Wonder whose keeping them, how long have they had them and what source of food do you use ?

Thanks,


----------



## DurhamReefer (Oct 5, 2016)

I had one for a while. He was eating live pods off the rocks. He seemed to be doing quite well, his colour was much better than when I got him and he put on weight.
I think I killed him by stressing him out. I was trying to get a bully of a tang out of the tank and I think that's what did it. Next day he was breathing heavy, following day he was dead. Nothing changed in the tank other the failed tang capture.
I tried feeding him frozen pods and oyster eggs. Didn't work, only live would do.


----------



## TBemba (Jan 11, 2010)

How long did he Last and what type?

I wondered if any ever been trained to eat prepared food


----------



## Crayon (Apr 13, 2014)

Coral reef shop has a few dragon face, alligator and banded pipe fish last week. Red said the dragon face were eating frozen. I didn't see it, but I believe Red


----------



## teemee (Aug 29, 2009)

I have a blue line pipe - i've only had it for a few months, though. I tried three that were in a small section together at the LFS and weren't fighting, but the second they went in my tank - definitely all males, and a turf war ensued. I threw one in my nps tank and have seen it a few times, and the most aggressive one is in my 20g microfish tank. It eats pods for sure, but may also eat the little bit of larrys and NPS food I put in for the gorgonians in the tank. It's pretty fat so its definitely eating something.


----------



## TBemba (Jan 11, 2010)

I have a pair of dragon face pipefish for two weeks now.
They are out and about and look like they're eating.

Just hoped someone had a successful experience with any type.

I saw the various pipefish at the coral reef shop the Friday they came in, I was there picking up some reef nutrition and I feed Larry Reef Frenzy.

I have two bottles of Copepods in the tank over a month ago.


----------



## notclear (Nov 5, 2011)

I had a pair of dragon face, but they didn't last long, probably only 3 months or so!


----------



## Crayon (Apr 13, 2014)

I have blue line pipefish in my small tank for the past year and they were eating Larrys.
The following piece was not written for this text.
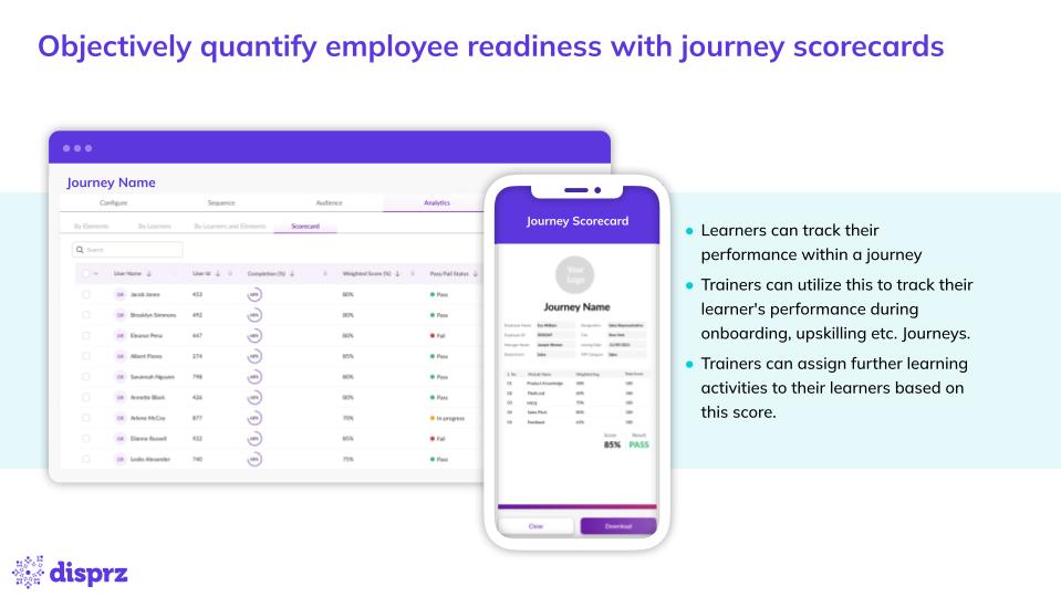 Solution: Disprz maps role-specific skills and creates personalized learning journeys to facilitate cross-functional training. With content auto-assignment based on key performance indicators (KPIs) and performance tracking through role scores, Disprz ensures comprehensive cross-functional training initiatives across departments and hierarchy levels.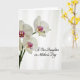 Designed with a graceful diagonal arrangement of white flowers, this card features blooms rising from the lower left toward the upper right like a gentle bouquet being offered with affection ❤️. Each blossom has soft, translucent petals with faint vein lines, and a striking center that flares from fuchsia into deep purple, drawing the eye like a tender gaze between close friends. A few flowers fade slightly out of focus behind the front cluster, adding depth while keeping the mood quiet and intimate. The background stays a luminous, diffused white with a light suggestion of sheer fabric, so the florals feel like they’re floating in soft morning light 🌼. In the open negative space, a dark, flowing calligraphic message sits neatly, balanced so it doesn’t crowd the blooms. The lettering appears near the middle-right area, standing out clearly against the pale backdrop and echoing the elegant curves of the petals. Subtle highlights trace the petal edges while the fuchsia-and-purple centers glow gently, making the diagonal line of flowers feel naturally guided. The deepest purple tones gather at the heart of each flower, surrounded by crisp white petals and a misty white background.

I had a banded pipefish in my refugeum for about 8 months that never ate anything except live pods. I think it went through the entire pod population and was not sustainable.


----------



## TBemba (Jan 11, 2010)

Fortunately the pair I have at least the male is eating the reef nutrition tigger feast out of the water column for the past few days. I'm mixing larrys Reef frenzy with some phytoplankton and the tigger feast. I added the 2 bottles of Copepods over a month before I got them. So if they perish then I'm unsure I can do any more for them. But they're both very alert and hunting constantly and picking. They don't look thin but I doubt they ever could.


----------



## twobytwo (Oct 25, 2014)

I just picked up a pipefish. My frag qt tank was being overrun with pods and some flatworms. Thought it would be a cute pet for the tank. Acclimated it last night and after going in the tank, it started scooting around, picking pods off the rock I have in the tank. Lots of fun.

Picked it up from Aquatic Kingdom, they also had banded pipefish. It was labled as alligator but when i look online, I'm confused if its that, or a dragonface. The Big Als next door also had banded pipefish and green alligator pipefish


----------



## TBemba (Jan 11, 2010)

Here's a pic of one of my dragon face pipefish


----------



## twobytwo (Oct 25, 2014)




----------



## TBemba (Jan 11, 2010)

Yep dragon face pipefish


----------